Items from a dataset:
-.-.-
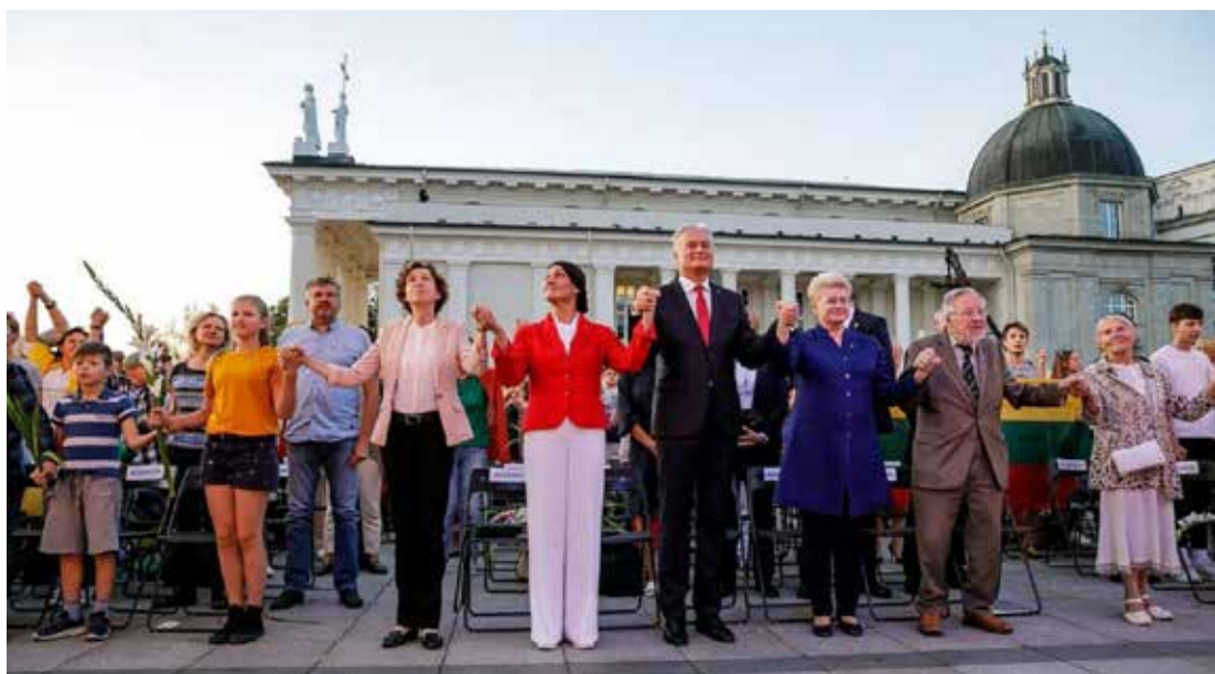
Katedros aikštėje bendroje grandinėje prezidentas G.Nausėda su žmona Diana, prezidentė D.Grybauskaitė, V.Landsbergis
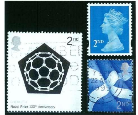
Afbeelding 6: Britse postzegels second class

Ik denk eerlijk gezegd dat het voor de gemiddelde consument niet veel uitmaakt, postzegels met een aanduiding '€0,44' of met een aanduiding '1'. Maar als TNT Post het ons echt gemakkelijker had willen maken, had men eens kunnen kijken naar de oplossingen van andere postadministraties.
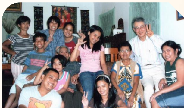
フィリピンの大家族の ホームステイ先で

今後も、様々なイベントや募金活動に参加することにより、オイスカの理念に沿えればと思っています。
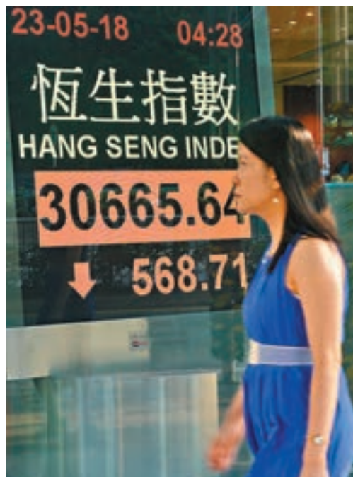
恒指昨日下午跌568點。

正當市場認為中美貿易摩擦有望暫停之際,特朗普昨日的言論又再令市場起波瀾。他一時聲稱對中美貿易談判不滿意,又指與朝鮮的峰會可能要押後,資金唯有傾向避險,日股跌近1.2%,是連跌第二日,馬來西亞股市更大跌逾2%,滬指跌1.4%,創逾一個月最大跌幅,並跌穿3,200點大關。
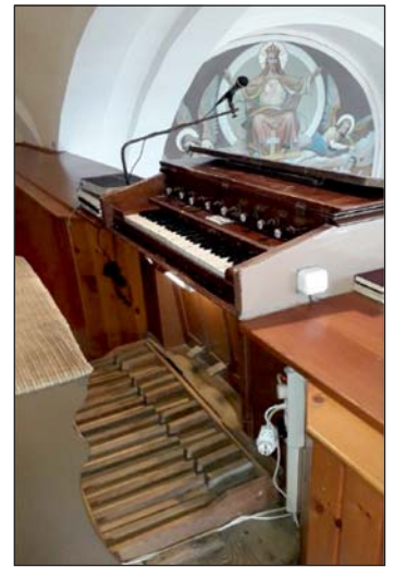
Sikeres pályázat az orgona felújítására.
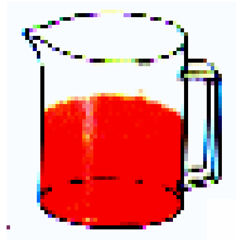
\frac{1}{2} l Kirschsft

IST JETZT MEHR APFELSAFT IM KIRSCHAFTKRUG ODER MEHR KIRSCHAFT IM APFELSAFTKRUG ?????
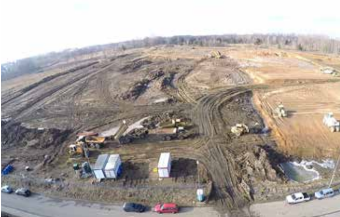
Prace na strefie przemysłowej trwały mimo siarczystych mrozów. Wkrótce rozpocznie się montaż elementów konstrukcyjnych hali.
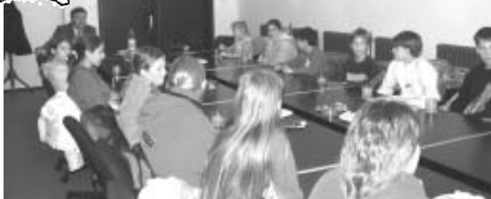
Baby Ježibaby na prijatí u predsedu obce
-.-.-
Please return only the lines from the one holding "Afbeelding 6: Britse postzegels second class" through the end of the data, both ends included; do not copy any pictures.

Afbeelding 6: Britse postzegels second class

Ik denk eerlijk gezegd dat het voor de gemiddelde consument niet veel uitmaakt, postzegels met een aanduiding '€0,44' of met een aanduiding '1'. Maar als TNT Post het ons echt gemakkelijker had willen maken, had men eens kunnen kijken naar de oplossingen van andere postadministraties.
フィリピンの大家族の ホームステイ先で

今後も、様々なイベントや募金活動に参加することにより、オイスカの理念に沿えればと思っています。
恒指昨日下午跌568點。

正當市場認為中美貿易摩擦有望暫停之際,特朗普昨日的言論又再令市場起波瀾。他一時聲稱對中美貿易談判不滿意,又指與朝鮮的峰會可能要押後,資金唯有傾向避險,日股跌近1.2%,是連跌第二日,馬來西亞股市更大跌逾2%,滬指跌1.4%,創逾一個月最大跌幅,並跌穿3,200點大關。
Sikeres pályázat az orgona felújítására.
\frac{1}{2} l Kirschsft

IST JETZT MEHR APFELSAFT IM KIRSCHAFTKRUG ODER MEHR KIRSCHAFT IM APFELSAFTKRUG ?????
Prace na strefie przemysłowej trwały mimo siarczystych mrozów. Wkrótce rozpocznie się montaż elementów konstrukcyjnych hali.
Baby Ježibaby na prijatí u predsedu obce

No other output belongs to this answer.